Stock of the day: Coles
Coles Group reports third-quarter revenue of $10.4 billion with strong 25.7% e-commerce growth, though analysts suggest the stock is fully valued at current levels.

(AI video summary)
This video was created on 30 April for IG audiences by ausbiz.
ASX code: COL
Coles' supermarket growth drives revenue
Coles Group has reported third-quarter (Q3) sales revenue of $10.4 billion, up slightly from $10 billion in the corresponding period last year. The supermarket segment generated $9.4 billion, a 3.7% increase. Coles's chief executive officer (CEO) Leah Weckert credited the results to investments in customer experience both in-store and online. Electronic commerce (e-commerce) performance was particularly strong, with online supermarket sales growing by 25.7%.

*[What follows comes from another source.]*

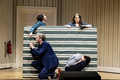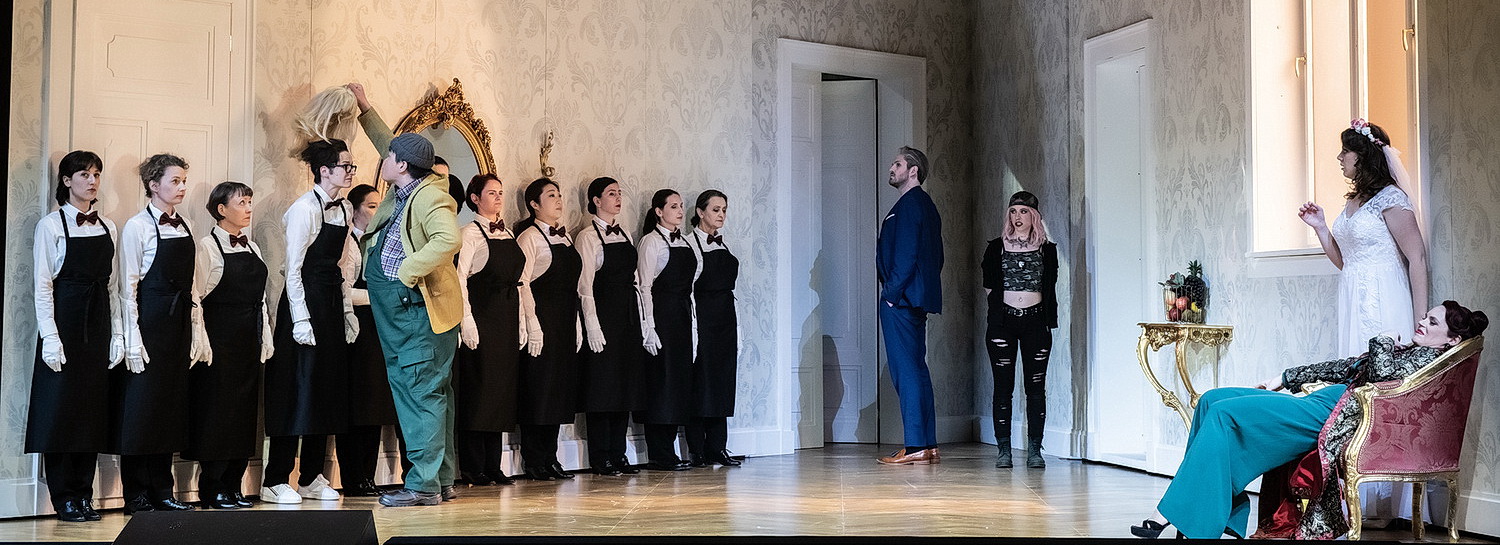 So entwickelt sich die Handlung, mal bedrückend, mal humorvoll. Die obligatorische Szene, in der Cherubino, hier noch mit Schnauzbart, sich unter der Matratze im Zimmer von Susanna und dem Grafen verstecken muss. Das Lied, das Cherubino für die Gräfin geschrieben hat, wird von Susanna mit dem Smartphone aufgenommen, man ist in der Welt der sozialen Medien angekommen. Der Gesangslehrer Basilio ist ein schmieriger Kerl mit Lars-Eidinger-Frisur, Marcellina der Typ Gouvernante ohne Gefühlsregungen. Bartolo ist schwer herzkrank und kann keine Intrigen mehr spinnen, und der Notar Don Curzio ist eine stotternde Karikatur des Winkeladvokaten, ähnlich wie die Figur des Dr. Blind in der Fledermaus von Johann Strauss.

Defensive positioning in markets
Supermarkets are viewed as defensive stocks, performing well during market volatility. Both Coles Group and Woolworths Group have served as safe havens for investors during market uncertainty. While Coles' liquor division underperformed expectations, indicators suggest a strong start to the fourth quarter (Q4). The Kemps Creek facility's operations have been particularly successful.
Investment considerations
At $21.22, Coles appears fully valued according to analysts. The stock has appreciated significantly from previous lows of around $19.50, suggesting limited upside. Similarly, Woolworths trades at $31.32, also representing substantial recovery. Both supermarkets operate in a concentrated Australian market where they typically alternate as sector outperformers.
Political considerations may affect the sector during election cycles, a risk factor for potential investors. For those looking at the retail sector, better opportunities may exist in companies that have experienced corrections and offer better market value. Currently, both Coles and Woolworths are viewed as "hold" recommendations.